▸ Problem details: Leaving the pictures aside, write out the whole listing below exactly.

▸ Provided data:

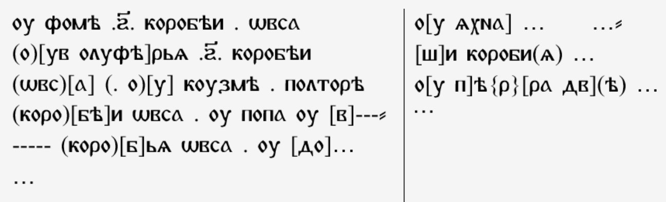 Лакуны на концах первой и второй строк легко заполняются. Получаем фразу, которая в стандартной орфографии была бы написана так (начальное «от» выписано по ошибке: автор, вероятно, решил начать со стандартной адресной формулы «от
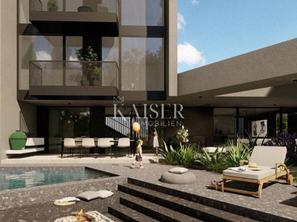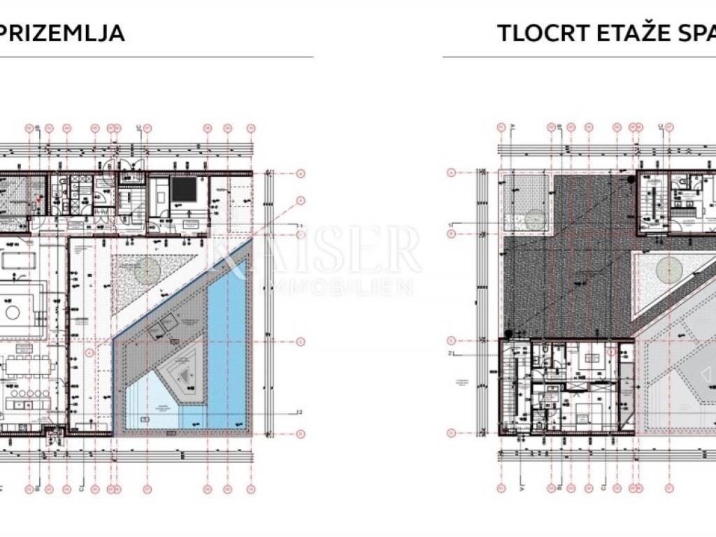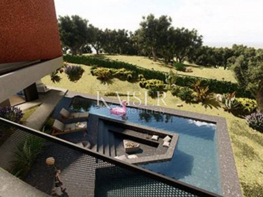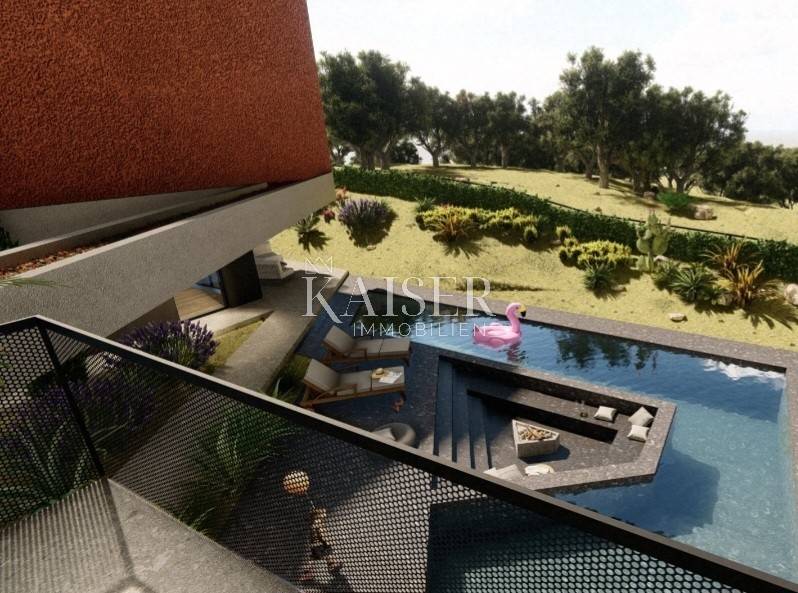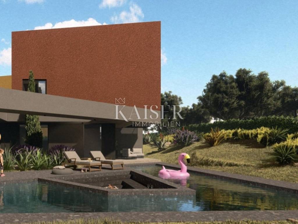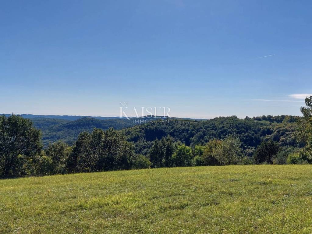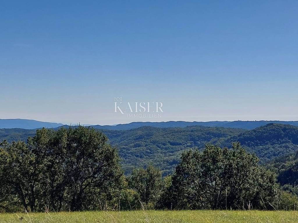 Kaiser Immobilien presents a unique project with a view of the entire central Istria. The location of this luxury project is in the central part of Istria, more precisely a small town above Lake Butoniga and near the beautiful Motovun, a popular tourist destination. These lands are slightly separated from the town itself, which gives them a very peaceful and relaxed atmosphere. We can call this project a refuge in peaceful nature. Land for three modern villas with a pool on a beautiful hill, at 460 m above sea level with a 360-degree view of the Istrian landscape on one side, and Učki on the other, Istria is literally in the palm of your hand. On building plots of 1,370 m2, 1,265 m2 and 1,239 m2, building permits were obtained for family houses of 410 m2 gross area, with a heated pool of 56 m2 gross area. The ground floors are designed as spacious open living rooms, kitchens, dining rooms, which are connected with several glass walls to the exterior where there are beautiful multi-level swimming pools. In that ground floor there is also a wellness area. The sleeping area is designed in "towers" on the first and second floor, in six sleeping units, each with its own bathroom. Each bedroom will be designed for comfort and peace, offering stunning views of the landscape. From the "towers", in addition to the beautiful view of the outside landscape, an inward view of the green extensive roof that covers the first floors is envisioned. The overall interior is designed in a very modern way, while still following the basic ideas of the Istrian region. All expenses are paid, and construction can start immediately. The owner has all offers for the completion of the construction, including horticulture and interior decoration. It is planned to build houses with floors P+2, with a large living room and kitchen, a wellness/sauna area, and a total of 6 bedrooms (2 master bedrooms), each with its own bathroom. Heating and cooling will be provided by a heat pump that will be connected to underfloor heating and fan coils. Installation for a photovoltaic power plant (solar panels) to produce electricity is planned. These modern villas, apart from the basic things it will have premium amenities such as smart homes, climate control and security measures to ensure comfortable and safe living.Access is from an asphalt road with sewerage infrastructure underneath. 4 parking spaces are provided on the plots. For all information, contact your agent.
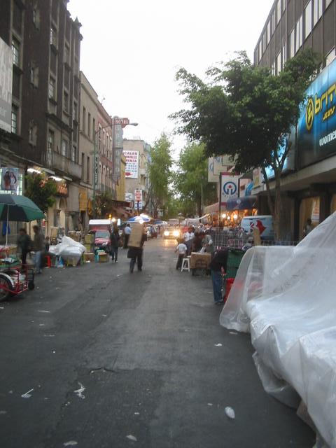 We waited in the bus station until 5:30 (actually 6:30) and then cought the metro to the Zocalo, and checked into the same hostel I've been in the other two times I've been in the city. They provided a free breakfast, which was the first real food I'd had in a couple of days and I just about ate two of everything available. My plan for the day was to see as much art as I could near to the historical centre of town. Carl wanted to see some of that and also the anthropological museum, so we took the metro to Bosque de Chapultepec, a large wooded park area that houses several museums. First we visited the Museo de Arte Moderno, which I'd seen before but wanted to return to because of the Remedios Varo (one of my favorite painters) paintings there. It also had a memorial exhibition for an artist who's name I forgot to write down but really enjoyed (I'll find out later who he was), which unfortunately was still in the process of being set up and mostly closed. After the museum both of us realized we were too tired to really take anything in, and I realized I'd left my guidebook at the hostel, so we walked back to the Zocalo along Paseo de Reforma (one of Mexico's main boulevards) and through Zona Rosa. There was a book of all of Remedios Varo's paintings I'd wanted to buy at the museum, but I didn't have enough cash on me, so I took the metro back and bought the book, then checked out some markets on the way home. It seems like every time I'm in Mexico City, half the streets are torn open for some kind of roadwork, and this time it was the road going to the hostel that was torn up. While checking my e-mail there, there was a loud bang outside and then some very loud and bad electrical noises, and a fire in the street. The lights flickered a bit and the fire kept going for a good 10 minutes. Mayb something had shorted out due to the rain that started in the late afternoon. What surprised me was that this happened right next to the national palace, but nobody showed to look at it, especially considering there had been a massive bomb attack in Madrid on the same day day.
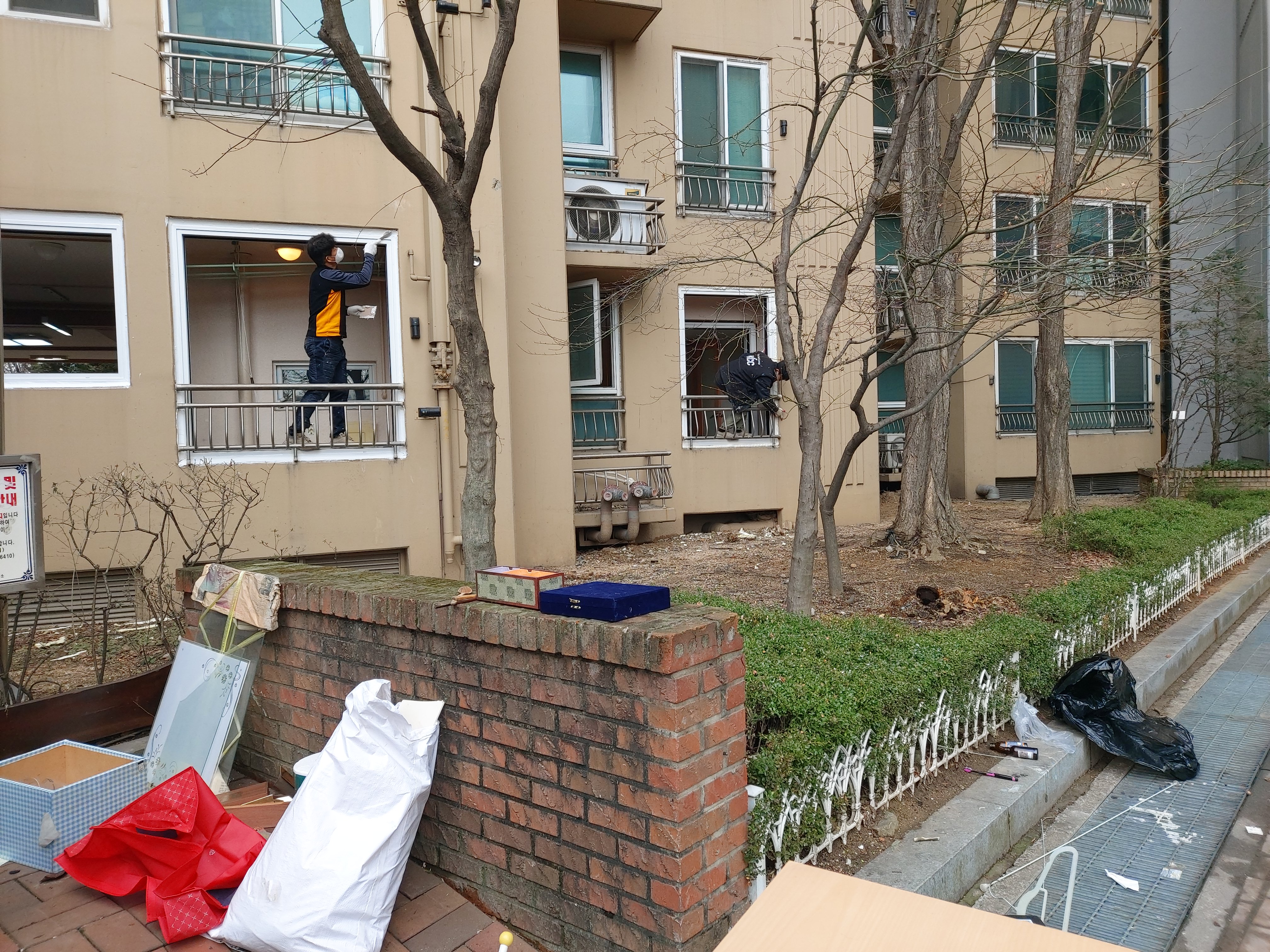 기존 창호를 제거하는 팀과 새로운 창호를 가져다놓는 팀, 이렇게 둘로 나뉘었다. 1층인데 창호 앞쪽은 울타리가 있어서 어떻게 창을 옮길지 일찍 와서 고민하시는 모습도 봤는데 결국 방법을 찾아서 잘 옮겼다. 어떻게든 방법을 찾아주시는 프로분들 존경....

▸ Expected output:
 Лакуны на концах первой и второй строк легко заполняются. Получаем фразу, которая в стандартной орфографии была бы написана так (начальное «от» выписано по ошибке: автор, вероятно, решил начать со стандартной адресной формулы «от
 Kaiser Immobilien presents a unique project with a view of the entire central Istria. The location of this luxury project is in the central part of Istria, more precisely a small town above Lake Butoniga and near the beautiful Motovun, a popular tourist destination. These lands are slightly separated from the town itself, which gives them a very peaceful and relaxed atmosphere. We can call this project a refuge in peaceful nature. Land for three modern villas with a pool on a beautiful hill, at 460 m above sea level with a 360-degree view of the Istrian landscape on one side, and Učki on the other, Istria is literally in the palm of your hand. On building plots of 1,370 m2, 1,265 m2 and 1,239 m2, building permits were obtained for family houses of 410 m2 gross area, with a heated pool of 56 m2 gross area. The ground floors are designed as spacious open living rooms, kitchens, dining rooms, which are connected with several glass walls to the exterior where there are beautiful multi-level swimming pools. In that ground floor there is also a wellness area. The sleeping area is designed in "towers" on the first and second floor, in six sleeping units, each with its own bathroom. Each bedroom will be designed for comfort and peace, offering stunning views of the landscape. From the "towers", in addition to the beautiful view of the outside landscape, an inward view of the green extensive roof that covers the first floors is envisioned. The overall interior is designed in a very modern way, while still following the basic ideas of the Istrian region. All expenses are paid, and construction can start immediately. The owner has all offers for the completion of the construction, including horticulture and interior decoration. It is planned to build houses with floors P+2, with a large living room and kitchen, a wellness/sauna area, and a total of 6 bedrooms (2 master bedrooms), each with its own bathroom. Heating and cooling will be provided by a heat pump that will be connected to underfloor heating and fan coils. Installation for a photovoltaic power plant (solar panels) to produce electricity is planned. These modern villas, apart from the basic things it will have premium amenities such as smart homes, climate control and security measures to ensure comfortable and safe living.Access is from an asphalt road with sewerage infrastructure underneath. 4 parking spaces are provided on the plots. For all information, contact your agent.
 We waited in the bus station until 5:30 (actually 6:30) and then cought the metro to the Zocalo, and checked into the same hostel I've been in the other two times I've been in the city. They provided a free breakfast, which was the first real food I'd had in a couple of days and I just about ate two of everything available. My plan for the day was to see as much art as I could near to the historical centre of town. Carl wanted to see some of that and also the anthropological museum, so we took the metro to Bosque de Chapultepec, a large wooded park area that houses several museums. First we visited the Museo de Arte Moderno, which I'd seen before but wanted to return to because of the Remedios Varo (one of my favorite painters) paintings there. It also had a memorial exhibition for an artist who's name I forgot to write down but really enjoyed (I'll find out later who he was), which unfortunately was still in the process of being set up and mostly closed. After the museum both of us realized we were too tired to really take anything in, and I realized I'd left my guidebook at the hostel, so we walked back to the Zocalo along Paseo de Reforma (one of Mexico's main boulevards) and through Zona Rosa. There was a book of all of Remedios Varo's paintings I'd wanted to buy at the museum, but I didn't have enough cash on me, so I took the metro back and bought the book, then checked out some markets on the way home. It seems like every time I'm in Mexico City, half the streets are torn open for some kind of roadwork, and this time it was the road going to the hostel that was torn up. While checking my e-mail there, there was a loud bang outside and then some very loud and bad electrical noises, and a fire in the street. The lights flickered a bit and the fire kept going for a good 10 minutes. Mayb something had shorted out due to the rain that started in the late afternoon. What surprised me was that this happened right next to the national palace, but nobody showed to look at it, especially considering there had been a massive bomb attack in Madrid on the same day day.
 기존 창호를 제거하는 팀과 새로운 창호를 가져다놓는 팀, 이렇게 둘로 나뉘었다. 1층인데 창호 앞쪽은 울타리가 있어서 어떻게 창을 옮길지 일찍 와서 고민하시는 모습도 봤는데 결국 방법을 찾아서 잘 옮겼다. 어떻게든 방법을 찾아주시는 프로분들 존경....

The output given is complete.